The grades have a variance of 0

Sure enough, that gives us a variance of zero, since all of the grades are the same. They do not vary much at all. Now we’ll add just one additional grade with a different value. Let’s see what happens.

```
import statistics
import math
grades = [90, 90, 90, 90, 90, 90, 100]
variancegrades = statistics.variance(grades)
```

The grades have a variance of 14.285714285714285

With just that one change to the data, we can see the variance jump fairly quickly. We’ll do one more example of variance.

```
import statistics
import math
grades = [80, 82, 100, 77, 89, 94, 98, 50]
variancegrades = statistics.variance(grades)
```

The grades have a variance of 257.35714285714283

So that gives us a pretty good idea of how variance works in Python.

### Standard Deviation

Standard deviation is used to show how much variation from the mean exists.
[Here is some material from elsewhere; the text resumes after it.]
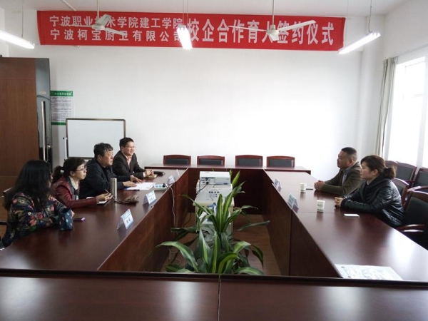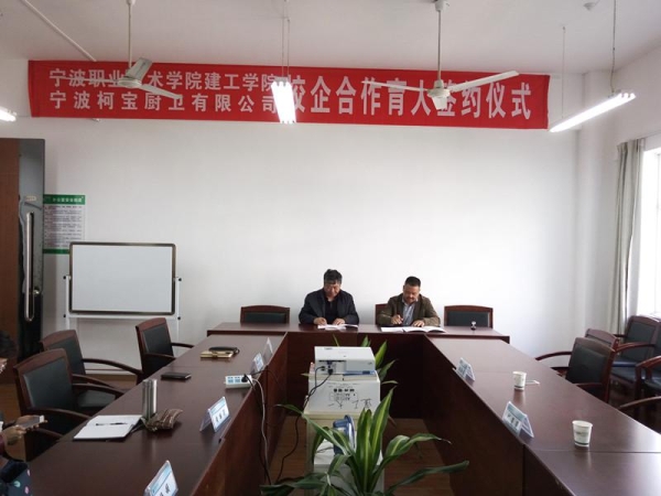 2015年4月22日14点,宁波职业技术学院建工学院与宁波柯宝厨卫有限公司校企合作育人签约仪式在有为楼211会议室举行。宁波柯宝厨卫有限公司副总经理朱红星、人事部经理邱斐斐,建工学院李晓东院长、黄丽莉副院长,党总支书记丁立人以及建工学院建装专业杨赪主任参加了签约仪式。
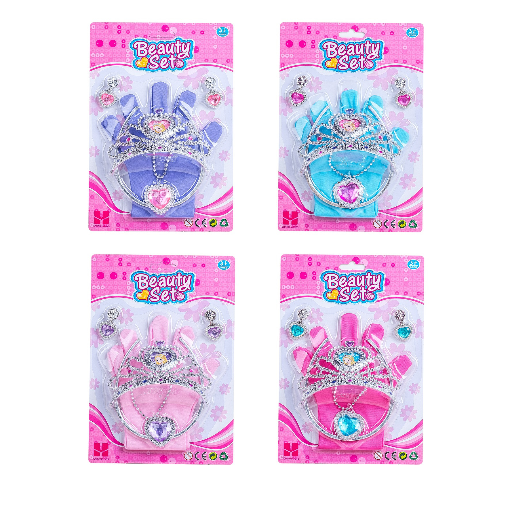 Šperky a rukavičky sada doplňků. Korunka 12,5 cm. Obsah balení - rukavičky, korunka, čelenka, náhrdelník, 2 náušnice. 4 varianty - modrá, fialová, růžová, červená.

You can think of it as a *typical* deviation from the mean. A low standard deviation means the values tend to be close to the mean. A high standard deviation means the values are spread out over a larger range.
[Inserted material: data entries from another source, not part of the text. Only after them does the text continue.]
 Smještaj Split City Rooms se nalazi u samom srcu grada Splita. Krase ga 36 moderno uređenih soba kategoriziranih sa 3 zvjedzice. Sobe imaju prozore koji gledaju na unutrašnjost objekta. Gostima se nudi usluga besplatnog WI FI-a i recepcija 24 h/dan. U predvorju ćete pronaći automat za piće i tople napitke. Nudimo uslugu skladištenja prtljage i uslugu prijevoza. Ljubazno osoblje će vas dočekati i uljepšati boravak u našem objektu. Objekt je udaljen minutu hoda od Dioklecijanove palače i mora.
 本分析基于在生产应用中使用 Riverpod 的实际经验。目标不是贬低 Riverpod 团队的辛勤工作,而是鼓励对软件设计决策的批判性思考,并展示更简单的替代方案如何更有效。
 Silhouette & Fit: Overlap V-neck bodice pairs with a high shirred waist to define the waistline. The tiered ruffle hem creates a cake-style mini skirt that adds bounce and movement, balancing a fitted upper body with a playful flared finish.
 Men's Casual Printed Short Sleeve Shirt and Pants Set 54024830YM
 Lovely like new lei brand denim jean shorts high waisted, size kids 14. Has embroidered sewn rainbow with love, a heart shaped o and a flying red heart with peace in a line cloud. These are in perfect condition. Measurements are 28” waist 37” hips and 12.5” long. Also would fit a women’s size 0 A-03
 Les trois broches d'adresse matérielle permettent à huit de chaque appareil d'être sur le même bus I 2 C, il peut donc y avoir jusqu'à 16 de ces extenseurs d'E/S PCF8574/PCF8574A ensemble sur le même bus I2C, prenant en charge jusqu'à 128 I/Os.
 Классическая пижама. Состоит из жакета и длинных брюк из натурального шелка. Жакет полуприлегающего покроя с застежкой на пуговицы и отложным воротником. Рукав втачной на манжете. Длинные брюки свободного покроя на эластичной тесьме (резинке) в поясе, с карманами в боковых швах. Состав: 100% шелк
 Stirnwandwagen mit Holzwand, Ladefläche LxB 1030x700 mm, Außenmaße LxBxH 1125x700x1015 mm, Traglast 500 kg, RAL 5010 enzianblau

#### grades with a low standard deviation

```
import statistics
import math
grades = [89, 91, 95, 92, 93, 94, 98, 90]
stdevgrades = statistics.stdev(grades)
print(f'The grades have a standard deviation of {stdevgrades}')
```

The grades have a standard deviation of 2.9154759474226504

#### grades with a high standard deviation

```
import statistics
import math
grades = [30, 80, 100, 45, 15, 94, 64, 90]
stdevgrades = statistics.stdev(grades)
print(f'The grades have a standard deviation of {stdevgrades}')
```

The grades have a standard deviation of 31.716377022424414

Fun fact for the math geeks. The standard deviation is actually the square root of the variance. We didn’t have to do that manually since the stdev() function took care of that for us. We can prove this however with the following code. We’ll use the same grades us just above, but change the function to get the standard deviation.

```
import statistics
import math
grades = [30, 80, 100, 45, 15, 94, 64, 90]
stdevgrades = math.sqrt(statistics.variance(grades))
print(f'The grades have a standard deviation of {stdevgrades}')
```

The grades have a standard deviation of 31.716377022424414

Ah-ha! The result is exactly the same. We can calculate the standard deviation by looking at the square root of the variance, or we could take the easier route and make use of the stdev() function in Python.

### Additional Statistics Resources

- Python statistics.stdev() Examples (programcreek)
- Mathematical statistics functions (python)
- Statistics Module Python Tutorial (pythonprogramming)
- Mean, Variance and Standard Deviation in Python (sourcecodeera)
- How to calculate mean, mode, variance, standard deviation (stackoverflow)
- Mean, Median and Mode Using Python (acadgild)
- How to Find the Mean, Median, Mode, Range, and Standard Deviation (sciencing)

### Python Statistics Tutorial Summary

So that is a good beginner-level overview of statistics in Python. Python has many modules, libraries, and packages, to do some very intensive scientific and statistical computing. The concepts covered here will be a good stepping stone to further study of statistics in Python.